Василий Звягинцев - Большие батальоны. Том 1. Спор славян между собою
Это Фёсту ещё при одной из первых длительных стажировок в новозеландском Форте Росс объяснила Сильвия, на своём и Ирины Владимировны примерах. Что вот, мол, какими они от природы получились, такими и будут до неблизкого конца своих дней. Одна — почти патологическая однолюбка, вторая — «казанова в юбке», условно говоря. И ничего в этом изменить нельзя, либо смириться с тем, что досталось, или искать себе женщину за пределами их «серий». Тогда Сильвия вроде бы совсем не догадывалась о возможности появления в этом мире своих «младших сестёр», рассказывала просто так, чтобы новый кандидат в члены Братства полностью ориентировался в окружающем, чётко усвоил границы позволенного и возможного, в том числе и в отношении женщин, которые его окружают.

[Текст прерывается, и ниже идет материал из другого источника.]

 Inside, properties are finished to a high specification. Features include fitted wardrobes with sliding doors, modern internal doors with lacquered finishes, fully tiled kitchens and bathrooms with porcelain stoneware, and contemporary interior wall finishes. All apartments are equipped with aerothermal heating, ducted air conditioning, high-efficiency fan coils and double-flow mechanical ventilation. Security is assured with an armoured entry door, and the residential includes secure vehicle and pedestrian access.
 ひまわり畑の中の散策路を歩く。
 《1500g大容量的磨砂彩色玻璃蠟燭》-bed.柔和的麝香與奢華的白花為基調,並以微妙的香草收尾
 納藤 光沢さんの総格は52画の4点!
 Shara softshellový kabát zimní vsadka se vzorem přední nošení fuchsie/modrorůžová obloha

Вадим понимал, что теперешние его мысли и рефлексии совсем неуместны, всё давным-давно определено естественным ходом событий, и после той ночи на подмосковной даче Шульгина им с Вяземской предстоит быть вместе, но упрямо продолжал считать, что время не пришло. Как будто действительно должно случиться нечто особенное…

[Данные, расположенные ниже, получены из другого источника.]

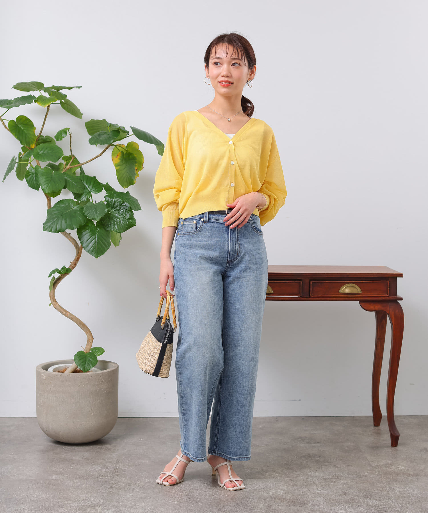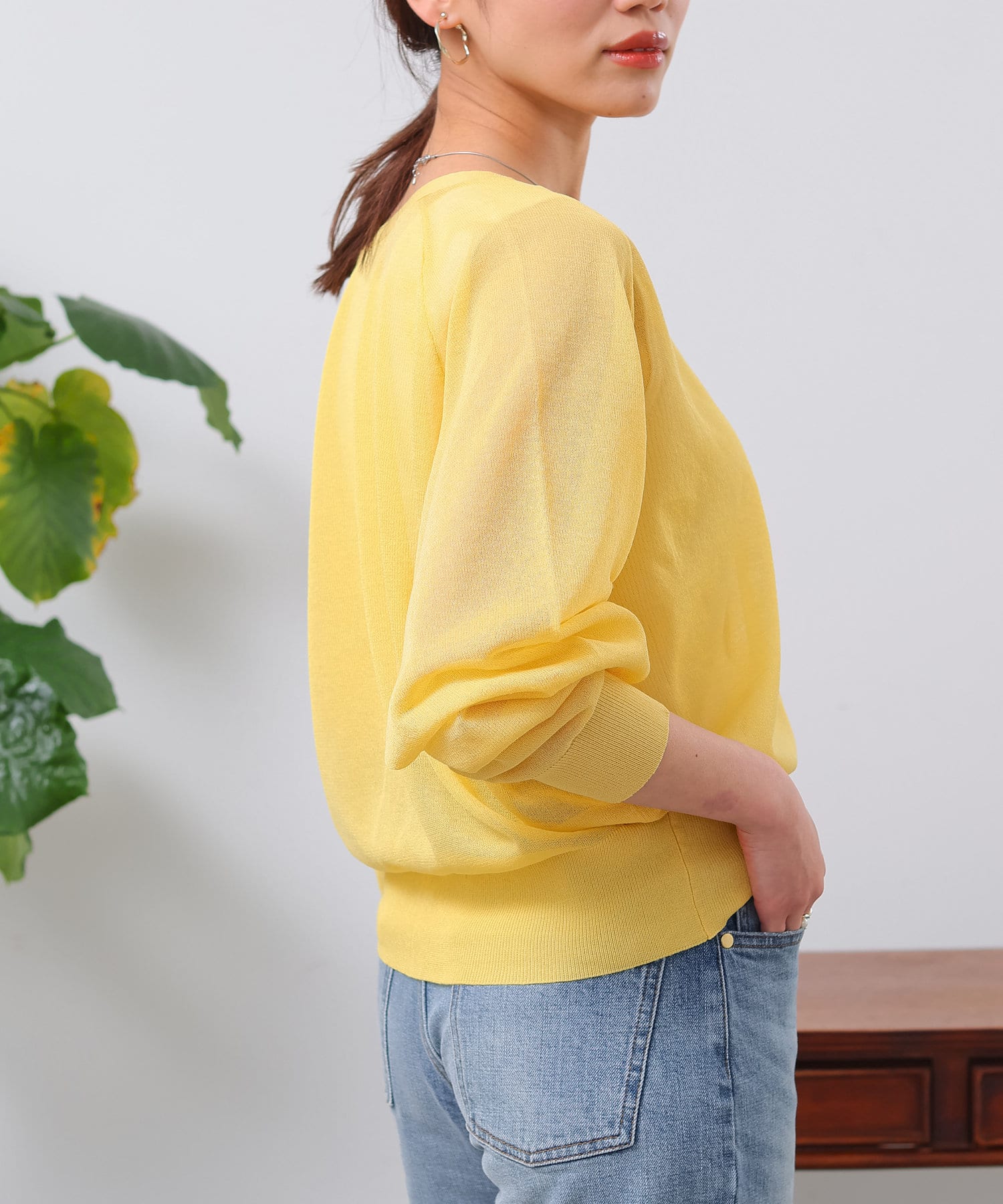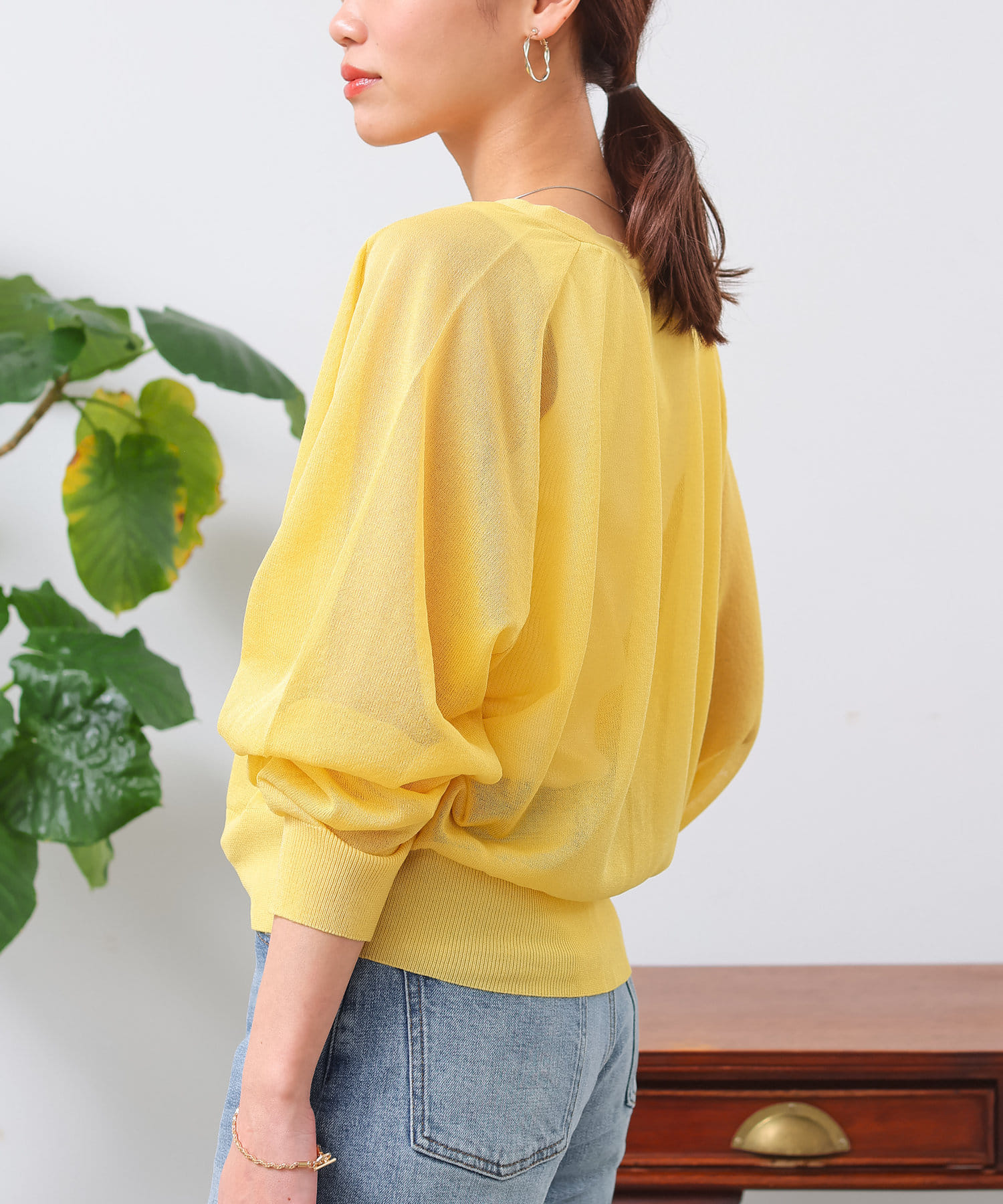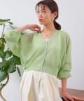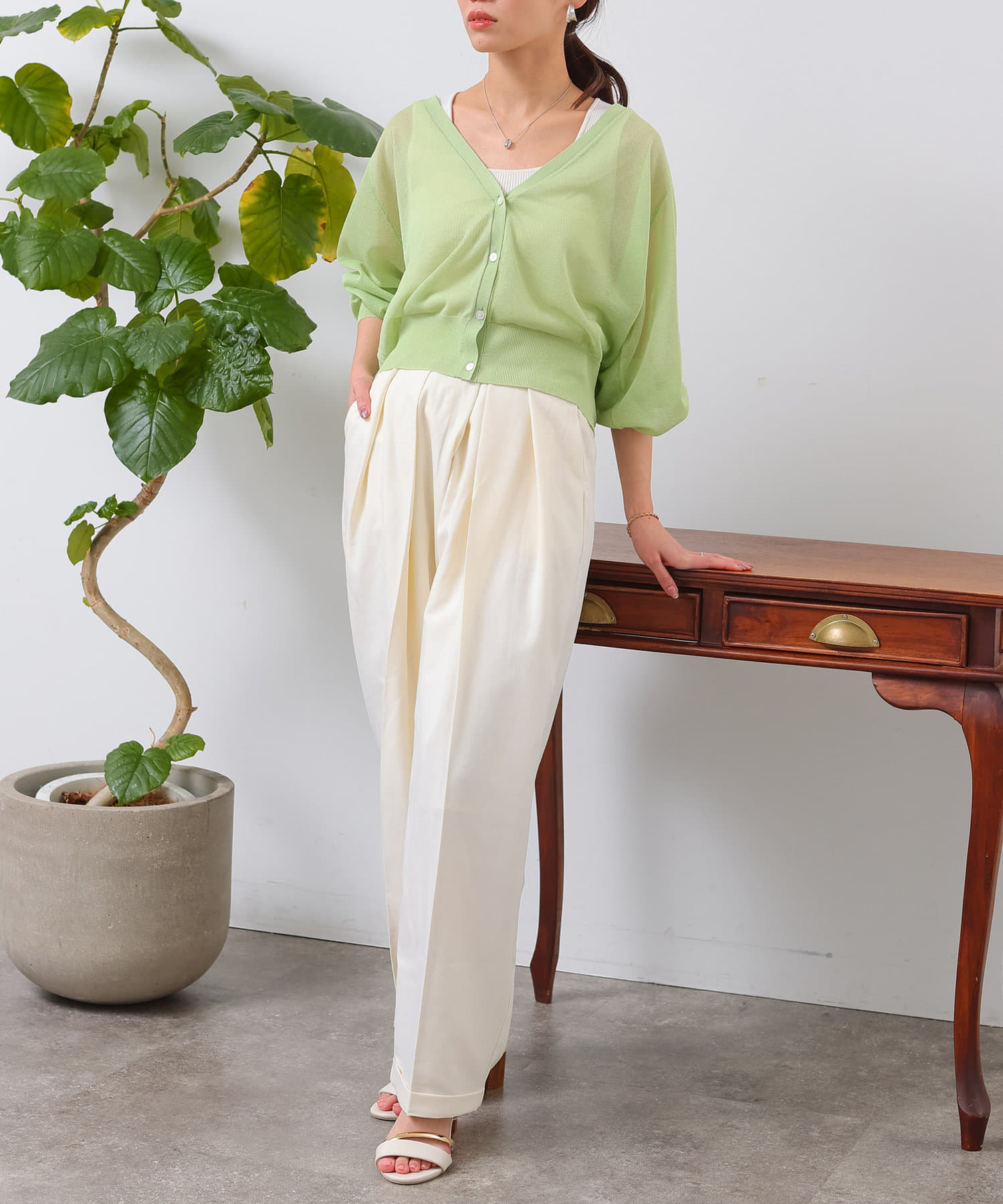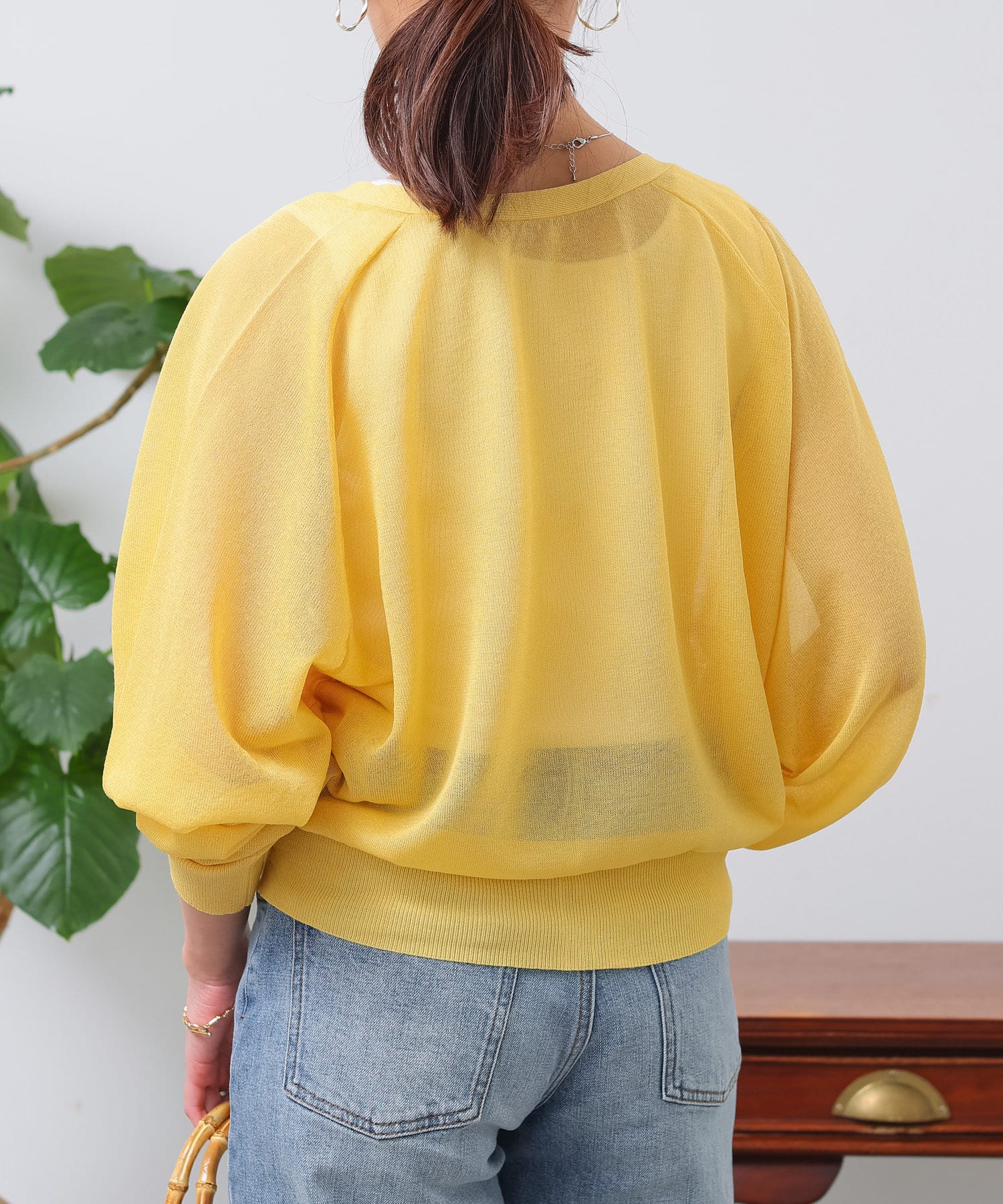 ゆったりとしたサイズ感と鮮やかなカラーが目を惹くシアーカーディガン。

— Да не терзайся ты так, — прошептала Людмила, слегка отодвигаясь. — Будь самим собой, и ничего больше. Я тебя выбрала, и никакие твои поступки уже ничего изменить не могут…
Парадоксально, но сейчас Вадим удивился и даже слегка расстроился, если это определение подходит к данному случаю: все внешние данные Вяземской говорили о том, что она должна отличаться пусть и не взрывным, но вполне развитым темпераментом. Ему казалось, что девушка более холодного типа едва ли сумела бы так убедительно и непринуждённо разыграть экспромтом перед милицией и чекистами роль лишённой предрассудков красавицы весьма облегчённого поведения. Не только он, но и посторонние, озабоченные совсем другими проблемами «правоохранители» мгновенно ощутили исходящую от неё мощную эротическую ауру, и психологическую, и гормональную. Это ведь не сымитируешь, как нельзя произвольно (без специальных средств), изменить собственный запах.

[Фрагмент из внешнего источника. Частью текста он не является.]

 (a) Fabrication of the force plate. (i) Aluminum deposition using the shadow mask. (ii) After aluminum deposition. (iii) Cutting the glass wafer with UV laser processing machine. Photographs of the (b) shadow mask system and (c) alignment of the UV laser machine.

А сейчас мало, что сама она была абсолютно асексуальна в словах и движениях, так и на него действовала как ингибитор. Учиться ему ещё и учиться понимать свою возлюбленную. Если этому вообще возможно научиться. Насколько легче и проще с этим делом у брата-аналога Секонда. Уж его жена понятна насквозь, хотя и изображает из себя то девочку-простушку, то роковую женщину-вамп. Жаль, что он не встретил Майю раньше Секонда. И ничего ведь в таком парадоксе странного нет — лежит в постели с любимой девушкой и жалеет, что не полюбил другую. Это как раз подтверждение того, что он и Секонд — одно и то же. Это сейчас они расходятся всё дальше (бытие определяет сознание), а два года назад они могли навещать Майю через день, и она бы не заметила разницы.
Усмехнулся про себя, вспомнив вполне дурацкие слова некогда весьма популярного хита «Ах, какая женщина, мне б такую!».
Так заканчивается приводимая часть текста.